**EXERCISE DESCRIPTION**
All that is needed is an exact copy of the lines from the beginning of the data below through the line containing "1、打开健康管理应用,点击首页的健康指标选项,进入健康指标页面。", minus the pictures.

**RECORDS FOR THE EXERCISE**
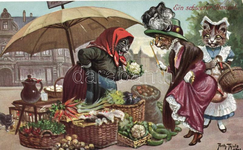 Cat market, Theo. Stroefer, Nürnberg Serie 1077. s: Arthur Thiele https://www.darabanth.com/hu/18-Nagyaukcio/18.1/Motivum-kepeslapok/Macska~6254/Cat-market-Theo-Stroefer-Nurnberg-Serie-1077-s-Arthur-Thiele~II838274
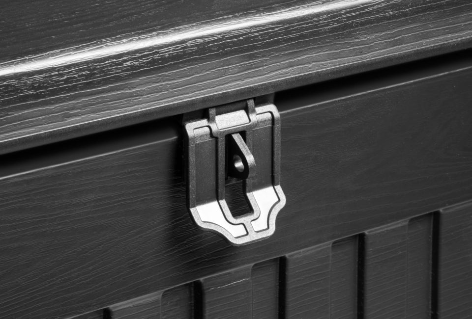 Dieser geräumige Aufbewahrungskoffer hat ein Volumen von sage und schreibe 270 Litern. Der Koffer bietet Platz für allerlei Spielzeug wie Fußbälle, Federballschläger mit Federn, Zelte, Brettspiele etc. Auch Gartenkissen, Gartenschläuche und Tierfutter können darin verstaut werden.
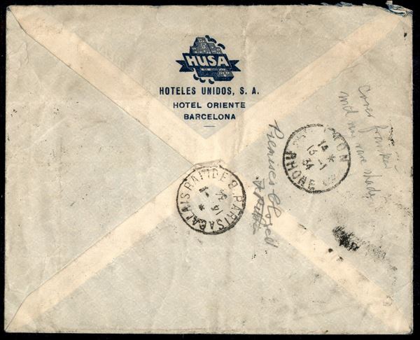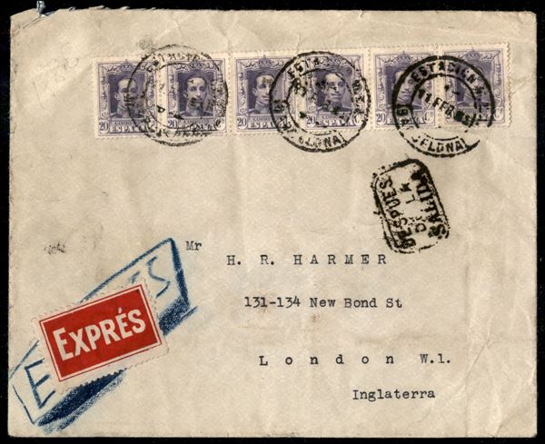 20 cent Alfonso (288F - senza numero di controllo) - striscia di 6 su espresso da Barcellona (Estacion) a Londra del 11.2.34
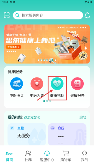 1、打开健康管理应用,点击首页的健康指标选项,进入健康指标页面。
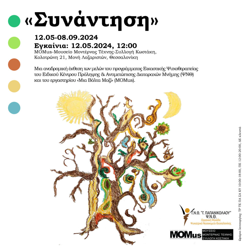 Mε τίτλο «Συνάντηση» ξεκινά την Κυριακή 12 Μαΐου (εγκαίνια ώρα 12μ.μ.) η έκθεση που θα φιλοξενηθεί στο MOMus-ΜΟΥΣΕΙΟ ΜΟΝΤΕΡΝΑΣ ΤΕΧΝΗΣ-ΣΥΛΛΟΓΗ ΚΩΣΤΑΚΗ με έργα των συμμετεχόντων στο πρόγραμμα Εικαστικής Ψυχοθεραπείας που εφαρμόζεται στο Ειδικό Κέντρο Πρόληψης και Αντιμετώπισης Διαταραχών Μνήμης του Ψυχιατρικού Νοσοκομείου Θεσσαλονίκης. Στην έκθεση περιλαμβάνονται έργα από την αρχή σχεδόν της λειτουργίας του Κέντρου το 2002 έως και σήμερα, καθώς και έργα που δημιουργήθηκαν στο Μουσείο, ως αποτέλεσμα της διετούς πλέον συνεργασίας του Κέντρου με το Μουσειακό Πρόγραμμα “Μια Βόλτα Μαζί”.

**REPLY**
 Cat market, Theo. Stroefer, Nürnberg Serie 1077. s: Arthur Thiele https://www.darabanth.com/hu/18-Nagyaukcio/18.1/Motivum-kepeslapok/Macska~6254/Cat-market-Theo-Stroefer-Nurnberg-Serie-1077-s-Arthur-Thiele~II838274
 Dieser geräumige Aufbewahrungskoffer hat ein Volumen von sage und schreibe 270 Litern. Der Koffer bietet Platz für allerlei Spielzeug wie Fußbälle, Federballschläger mit Federn, Zelte, Brettspiele etc. Auch Gartenkissen, Gartenschläuche und Tierfutter können darin verstaut werden.
 20 cent Alfonso (288F - senza numero di controllo) - striscia di 6 su espresso da Barcellona (Estacion) a Londra del 11.2.34
 1、打开健康管理应用,点击首页的健康指标选项,进入健康指标页面。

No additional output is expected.